Das Bundespatentgericht hat in einem Beschluss vom 19. Juli 2007 entschieden, dass der Beschluss der Prüfungsstelle des Deutschen Patent- und Markenamts vom 5. September 2004 aufgehoben wird. Dabei geht es um eine Patentanmeldung, die ein Verfahren zum Darstellen von Bildern auf einem Anzeigenmonitor betrifft. Die Anmeldung wurde 1998 eingereicht und die Prüfungsstelle hatte sie zuvor zurückgewiesen. Die Anmelderin hat daraufhin Beschwerde eingelegt.

Das Gericht urteilt, dass die Patentansprüche zulässig sind und den ursprünglich eingereichten Patentansprüchen entsprechen. Die Erfindung zielt darauf ab, Bilder auf einfache und übersichtliche Weise darzustellen, um eine Analyse zu ermöglichen. Das Gericht kommt zu dem Schluss, dass die Erfindung neu und auf einer erfinderischen Tätigkeit beruht. Die bisher in Betracht gezogenen Druckschriften geben keinerlei Hinweise auf eine ähnliche Ausgestaltung des Verfahrens. Daher wird die Zurückweisung der Anmeldung nicht gerechtfertigt.

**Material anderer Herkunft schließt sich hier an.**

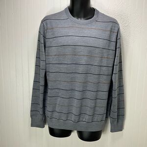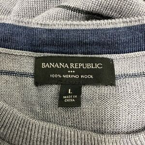 Men’s Banana Republic 100% Merino Wool crewneck sweater. Gray with multi colored stripes. Like new condition! Size Large

Das Gericht beschließt weiterhin, dass das Verfahren noch nicht zur Entscheidung reif ist und die Anmeldung zur weiteren Prüfung an das Patentamt zurückverwiesen werden soll. Die bisherige Begründung der Prüfungsstelle ist mangelhaft und erfüllt nicht die gesetzlichen Anforderungen. Auch die recherchierten Druckschriften geben keine Lehre zur Lösung des Darstellungsproblems. Es ist nicht auszuschließen, dass bei einer sorgfältigen Recherche noch relevanter Stand der Technik ermittelt wird.

Schließlich ordnet das Gericht die Rückerstattung der Beschwerdegebühr an. Der Beschluss der Prüfungsstelle war nicht ausreichend begründet, was zu der Einlegung der Beschwerde und der Zahlung der Gebühr geführt hat. Es liegt ein schwerwiegender Verfahrensfehler vor.

Hinweis: Die Inhaltsangabe wurde auf das angegebene Längenverhältnis von ein Fünftel bis ein Drittel gekürzt. Die komplette Inhaltsangabe kann je nach gewünschter Länge angepasst werden.




Die Gerichtsentscheidung im Volltext:

BPatG: Beschluss v. 19.07.2007, Az: 21 W (pat) 72/04


Tenor

Der angefochtene Beschluss der Prüfungsstelle der Klasse A 61 B des Deutschen Patent- und Markenamts vom 5. September 2004 wird aufgehoben.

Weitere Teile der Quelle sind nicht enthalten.